In a written statement, a DOC spokeswoman said that in partnership with BetaGov, a consulting project for government agencies out of New York University, the department has implemented over 100 pilot projects since 2015 to reduce the violence and misconduct that leads to sanctions such as solitary confinement. These programs range “from the use of aromatherapy and yoga to the introduction of therapy dogs,” and 600 prisoners have been trained to be peer mediators, said Worden. The prisons have also started to implement sanctions that are more consistent and less harsh, following a model known as “Swift, Certain, and Fair” punishment. The goal, she said, is to reduce violence and also the use of solitary. Two trial studies showed that this strategy reduced minor infractions; however, in one study, the test group had more serious infractions than the control group.

But other states have gone further. Since September, prisoners in Colorado who commit serious violations are not isolated for more than 15 days, and are then given therapy or anger management classes, if necessary. Rick Raemisch, executive director of the Colorado Department of Corrections, told Frontline last spring that between 2007 and 2013, he reduced the number of people in solitary confinement from roughly 1,500 people to between 130 and 150 at any given time. In Maine, solitary policies were overhauled in 2011 under the leadership of then-Corrections Commissioner Joseph Ponte, who later held the same post in New York. Reforms included the increased use of alternative sanctions, such as limiting work opportunities, for all but the most serious infractions. And now, holding a prisoner in solitary for longer than 72 hours requires the commissioner’s personal approval.
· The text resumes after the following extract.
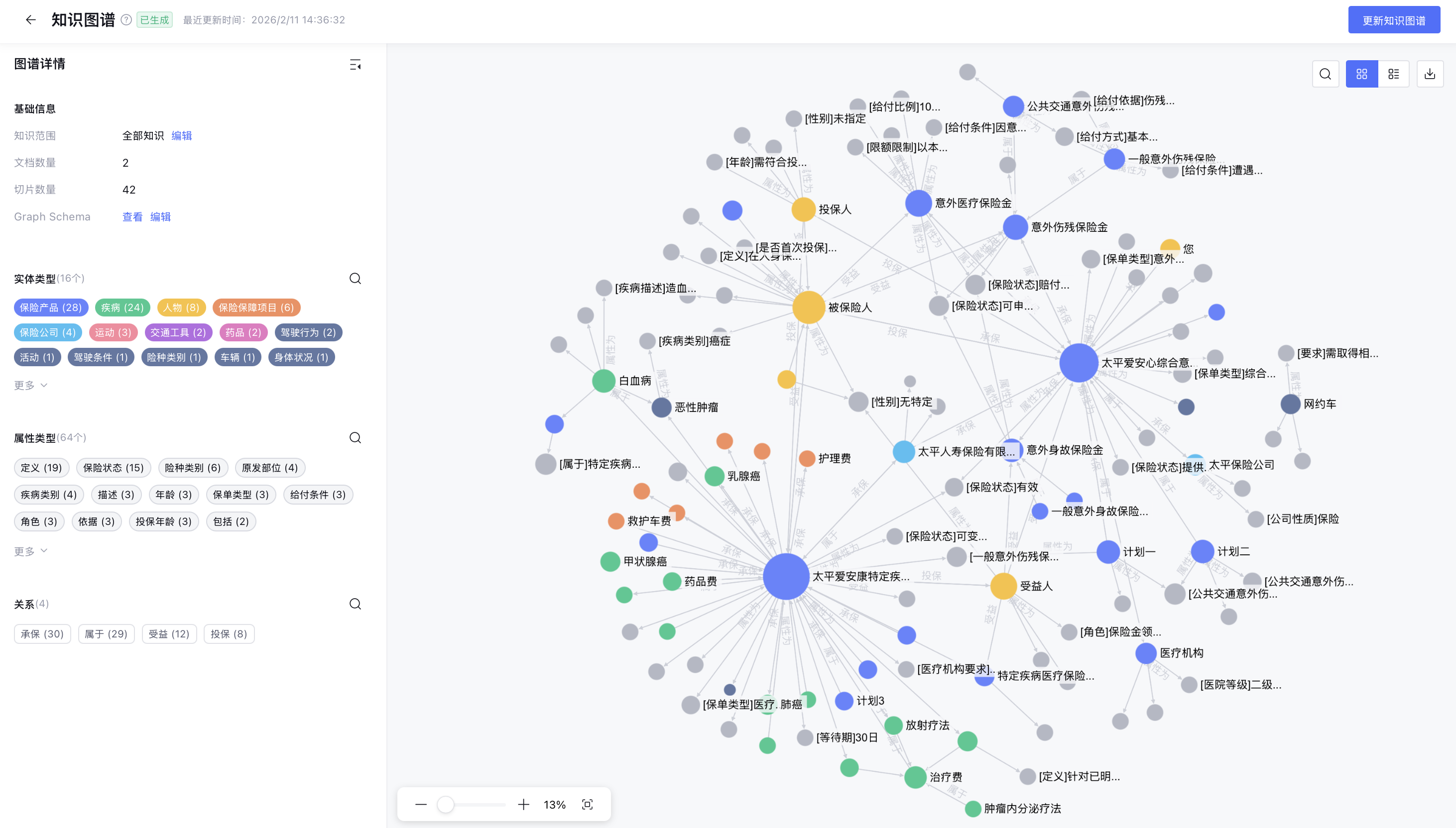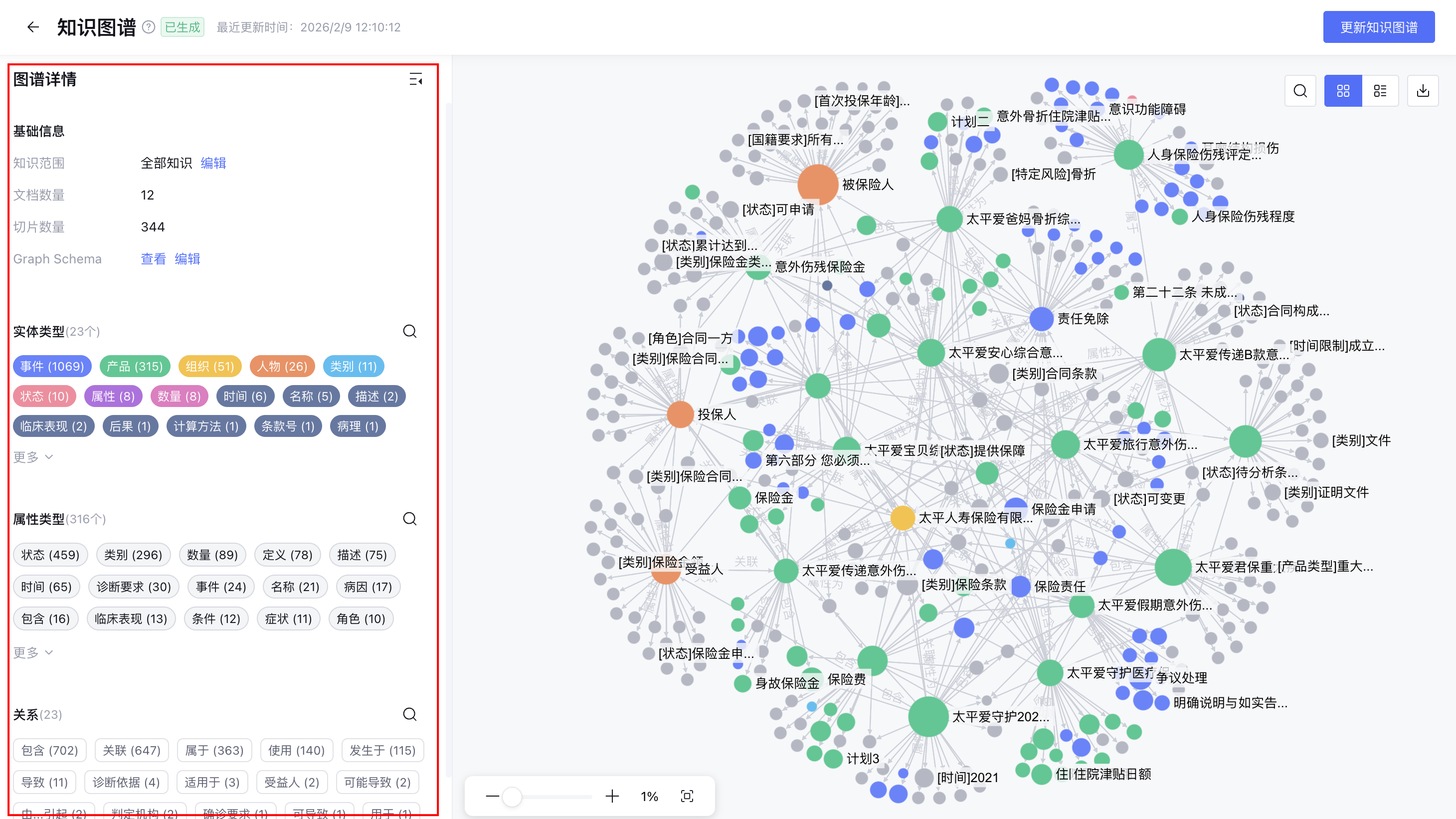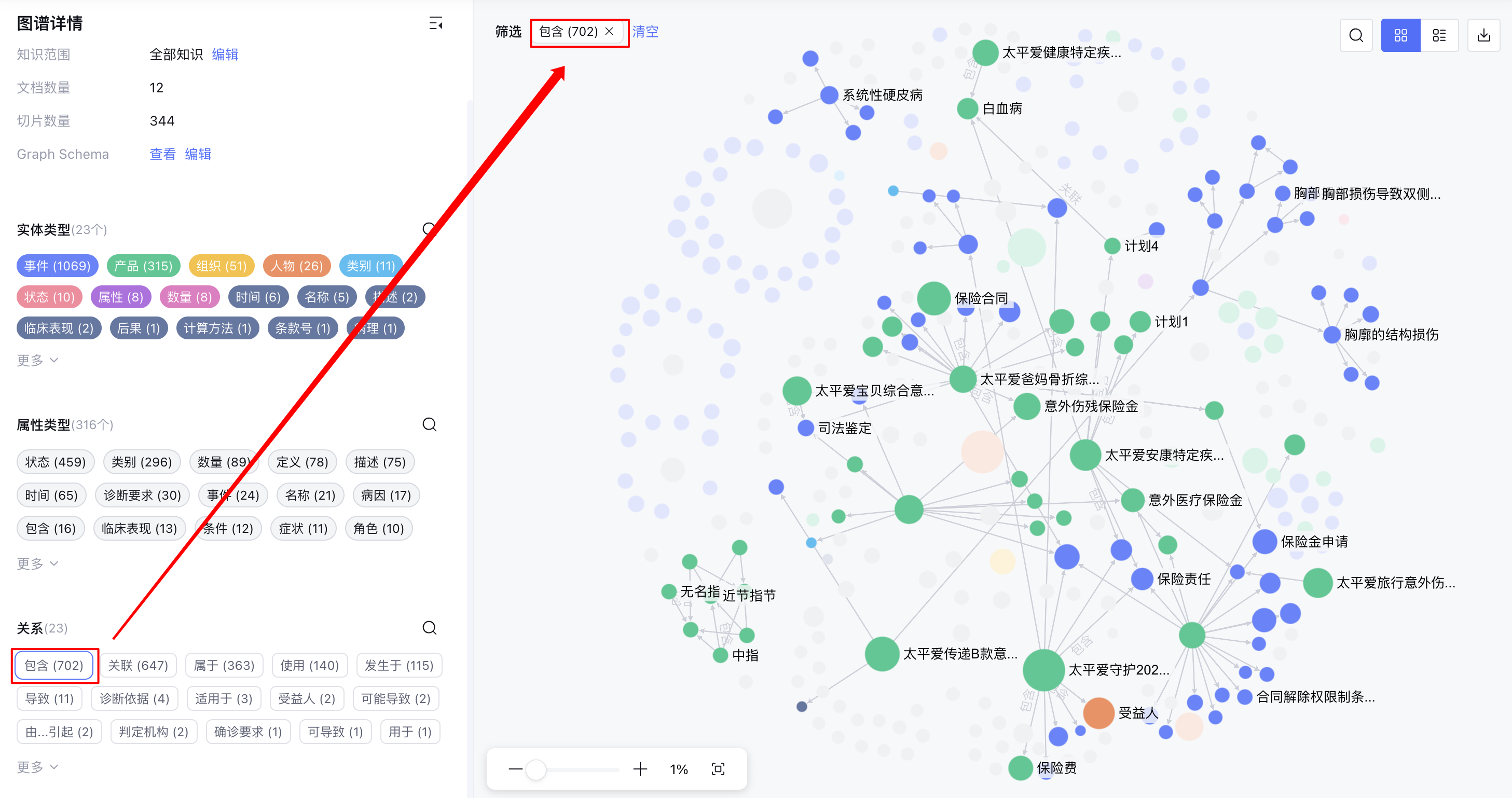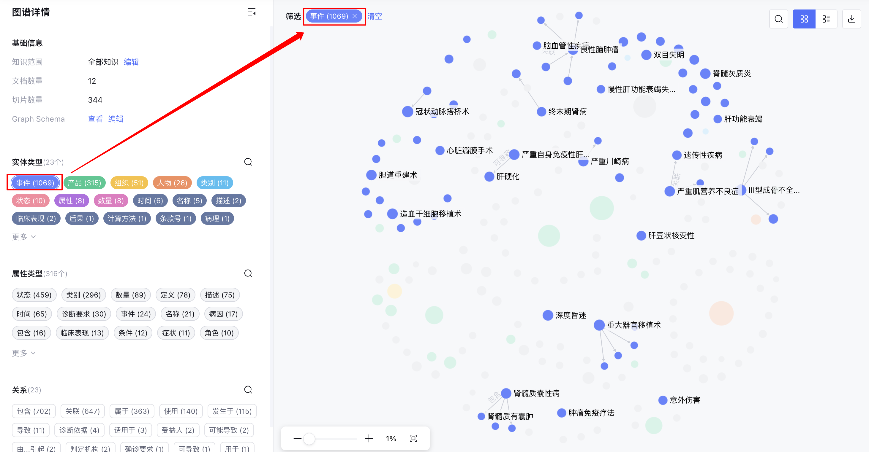 图谱构建完成后,您可以在左侧边栏的图谱详情中查看图谱的整体统计信息,并通过点击实体、属性或关系,快速对知识图谱进行筛选。

The state slashed the number of prisoners held in solitary confinement in half over just 18 months.

Grote and his colleagues, along with other civil rights lawyers, would like Pennsylvania to join these states in making more dramatic reforms to solitary confinement. Wetzel “has this image as a reformer,” Grote said. “But a lot of his positions are quite safe, a lot of his reform-y type statements are hollow pieties.”

The Abolitionist Law Center has sued the Pennsylvania DOC on behalf of individual prisoners — with at least one success in addition to Shoatz’s case, and several suits pending. Last month, the Center joined the ACLU and several other firms to file a class action lawsuit challenging the mandatory isolation of Pennsylvania’s 156 prisoners with death sentences.

“The long-term solitary litigation has been piecemeal,” Grote said. “There are not as many lawyers willing to represent the people that we represent.” Despite reforms in the treatment of mentally ill prisoners, Grote is not convinced the department will continue to make changes without outside pressure. “The changes were made when they saw the writing on the wall. In other words, they were pushed kicking and screaming.”